[WORK REQUEST] Please output, exactly and without pictures, the lines from the opening of the listing below through the line containing "Hier blickst du", both included.

[GIVEN MATERIAL]
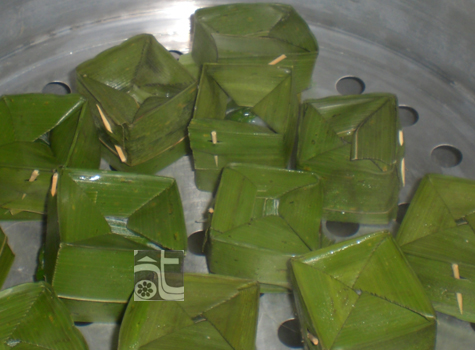 Bánh phu thê (xu xê) ngày xưa được pha màu vàng nhạt, nay mình dùng màu lá dứa, nhớ cho ít màu xanh thôi, khi bánh chín trong suốt, nhìn thấy nhân đậu xanh bên trong đẹp lắm. Cách xếp khuôn thì dùng giấy bạc, nếu siêng thì đi tìm lá diêu bông, lại quên nữa [8D] lá dừa mới đúng, xếp thành hình vuông rồi gài bằng tăm. Mình mà làm bánh bằng lá dừa nhớ lấy tiền công cho cao mới đáng nha.
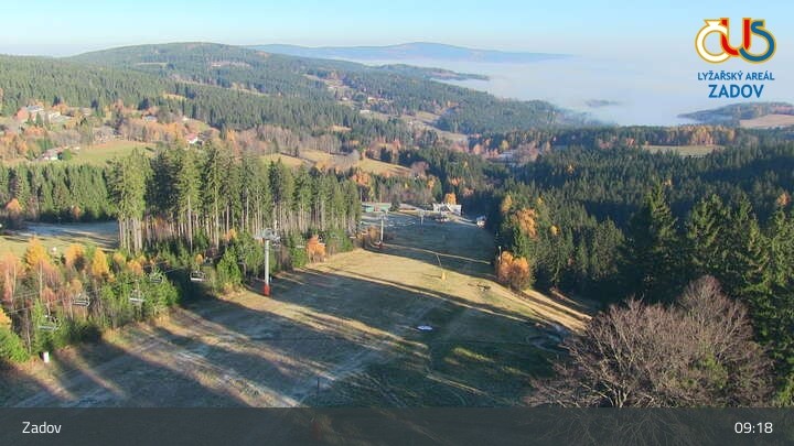Hier blickst du auf das Wintersportgebiet Zadov-Churanov. Es befindet sich in Tschechien an der Grenze zum Nationalpark Böhmerwald.
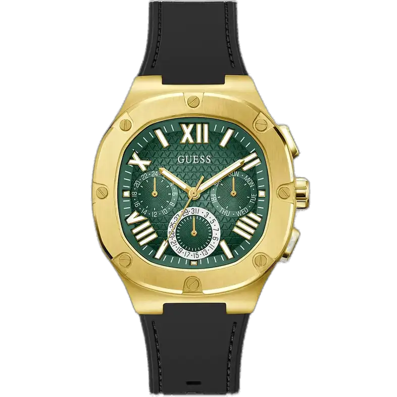 At the heart of this timepiece is a reliable quartz multi-function movement, ensuring the accurate display of all features. The Guess Headline Green Dial offers a refreshing alternative to traditional colors, providing a focal point for your entire outfit. Complementing the bold case and dial is the Men’s Black Silicone Watch strap. This material is chosen for its superior practicality, offering exceptional comfort, flexibility, and high resistance to wear and tear. The black color of the strap anchors the vibrant green and gold, providing the stability needed for everyday use. With 50 meters (5 ATM) of water resistance, this watch is built for both style and daily activity.
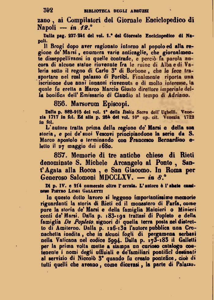 lo questo dotto lavoro si leggono importantissime memorie riguardanti la storia di Rieti ed il monastero di Farfa, come pure la storia de' Marsi e della famiglia Mainieri o Minieri conti de'Marsi. Dalla p. 183-192 trattasi di Popleto e detta famiglia De Popleto. signori di quella terra posta nel distretto di Amiterno. Dalla p. ia6*i3a l'autore pubblica una Cro-nachetla inedita, che in alcuni fogli di pergamena serbasi nella Vaticana nel codice 5994. Dalla p. 173-183 il Galletti per la prima volta mette a stampa nn curioso catalogo contenente i nomi degli ufficiali e de familiari pontifici destinati al servizio di Niccolò 3° quando fu creato pontefice, cioè di tutti quelli che aveaao, come dicevasi, la parte di Palauo.

[COMPLETED EXERCISE]
 Bánh phu thê (xu xê) ngày xưa được pha màu vàng nhạt, nay mình dùng màu lá dứa, nhớ cho ít màu xanh thôi, khi bánh chín trong suốt, nhìn thấy nhân đậu xanh bên trong đẹp lắm. Cách xếp khuôn thì dùng giấy bạc, nếu siêng thì đi tìm lá diêu bông, lại quên nữa [8D] lá dừa mới đúng, xếp thành hình vuông rồi gài bằng tăm. Mình mà làm bánh bằng lá dừa nhớ lấy tiền công cho cao mới đáng nha.
Hier blickst du auf das Wintersportgebiet Zadov-Churanov. Es befindet sich in Tschechien an der Grenze zum Nationalpark Böhmerwald.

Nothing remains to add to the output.